* [Dataset excerpts]
####################

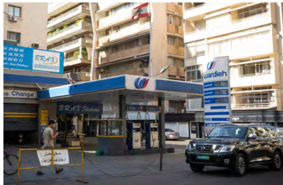
Page 1: A wedding party drives past street art in Beirut. This page: Heiko Wimmen in Batroun, a supermarket and a closed petrol station in Beirut.

Bank announces that it will lift subsidies on fuel imports, and instantly, panic sets in. Ending subsidies means gas prices will multiply four- or fivefold. The whole economy relies on motor transport, so the price hike will ripple through the country, crushing the livelihoods of battered consumers who have already lost most of their income to inflation and most of their savings to insolvent banks. The morning of the announcement, I wait in line for two hours to fill up my car's tank. But soon the queues elongate to several city blocks as everyone scrambles to top off their tanks before the government broadcasts the new, unsubsidised prices, and to find diesel for the generators they use to compensate for the failing electricity grid. Few are successful. Many gas stations seem to have closed for the day, and rumours abound that traders and gas station owners are hoarding fuel they received at the old price, hoping to make a killing by selling it off at the new tariffs or in the black market. My two-hour wait in the morning feels
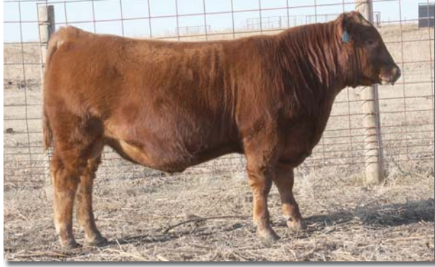
LazyJ Cowboy Way 1204-N460
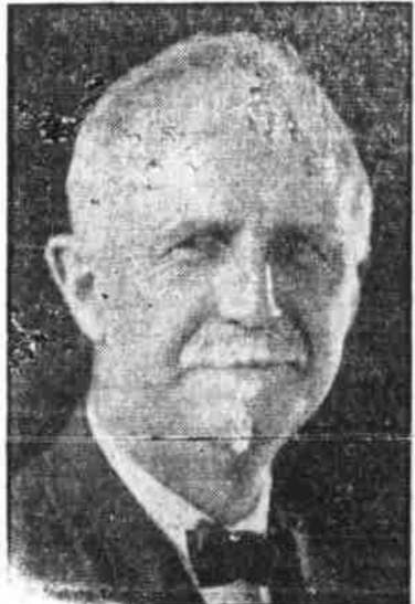
Roger W. Babson
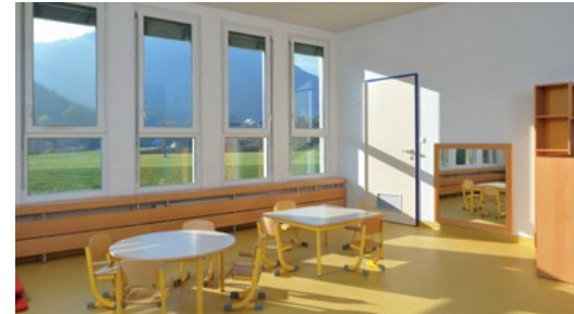
Kindergarten Biba, Škofja Loka, Slovenia
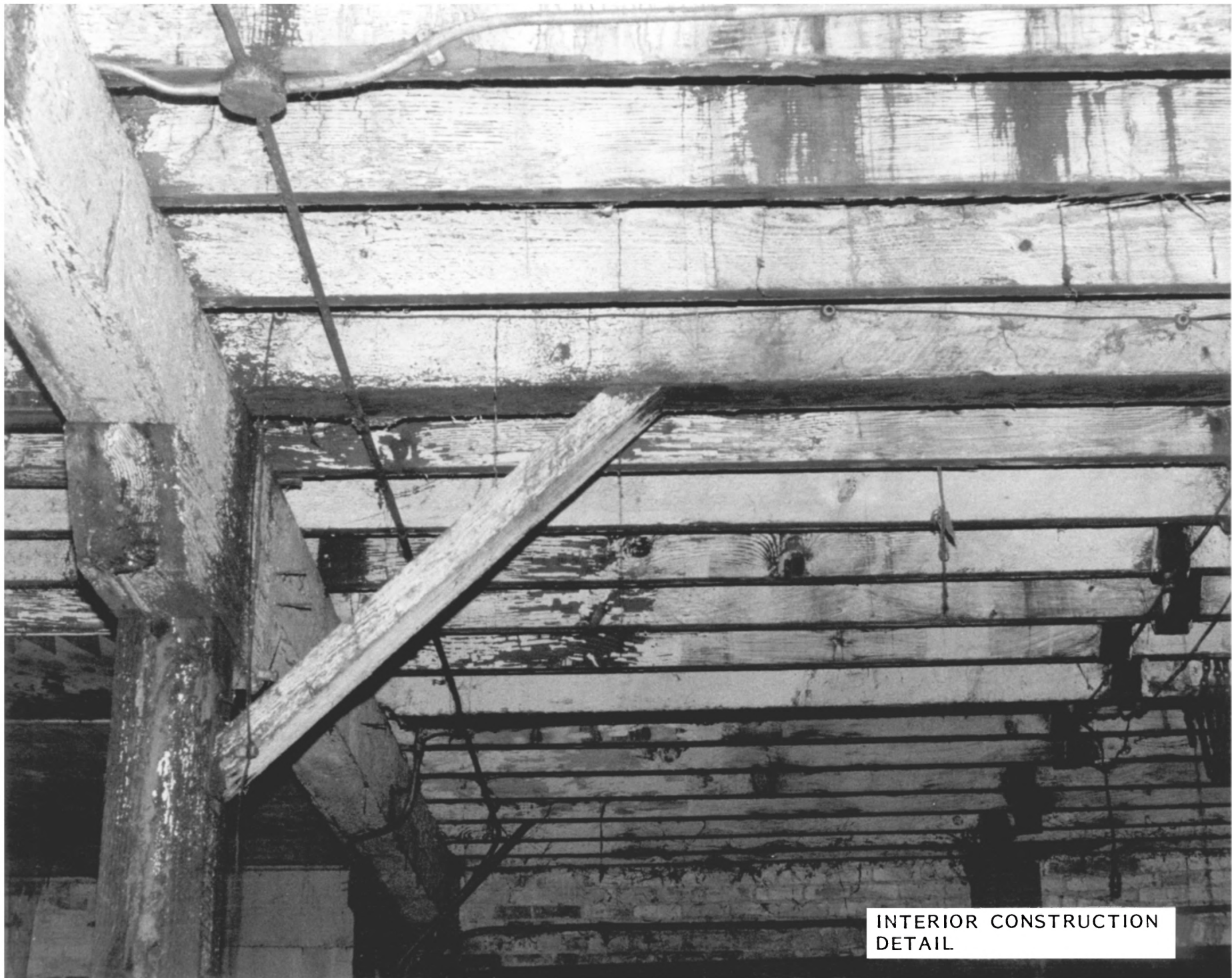
INTERIOR CONSTRUCTION DETAIL
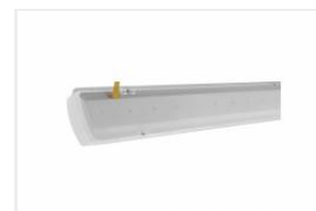
ATLAS LED 1150mm 4500lm 840 - moduł świetlny (952029)
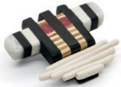
Carine Terreblanche You Can't Heal Under a Mask I 2020 Porcelain, Wood, Resin and Silver Brooch 4.5 x 5.5 x 1.4 cm

####################

Show the lines in the entries above that include the string "station".

* [The completed task]
Page 1: A wedding party drives past street art in Beirut. This page: Heiko Wimmen in Batroun, a supermarket and a closed petrol station in Beirut.
Bank announces that it will lift subsidies on fuel imports, and instantly, panic sets in. Ending subsidies means gas prices will multiply four- or fivefold. The whole economy relies on motor transport, so the price hike will ripple through the country, crushing the livelihoods of battered consumers who have already lost most of their income to inflation and most of their savings to insolvent banks. The morning of the announcement, I wait in line for two hours to fill up my car's tank. But soon the queues elongate to several city blocks as everyone scrambles to top off their tanks before the government broadcasts the new, unsubsidised prices, and to find diesel for the generators they use to compensate for the failing electricity grid. Few are successful. Many gas stations seem to have closed for the day, and rumours abound that traders and gas station owners are hoarding fuel they received at the old price, hoping to make a killing by selling it off at the new tariffs or in the black market. My two-hour wait in the morning feels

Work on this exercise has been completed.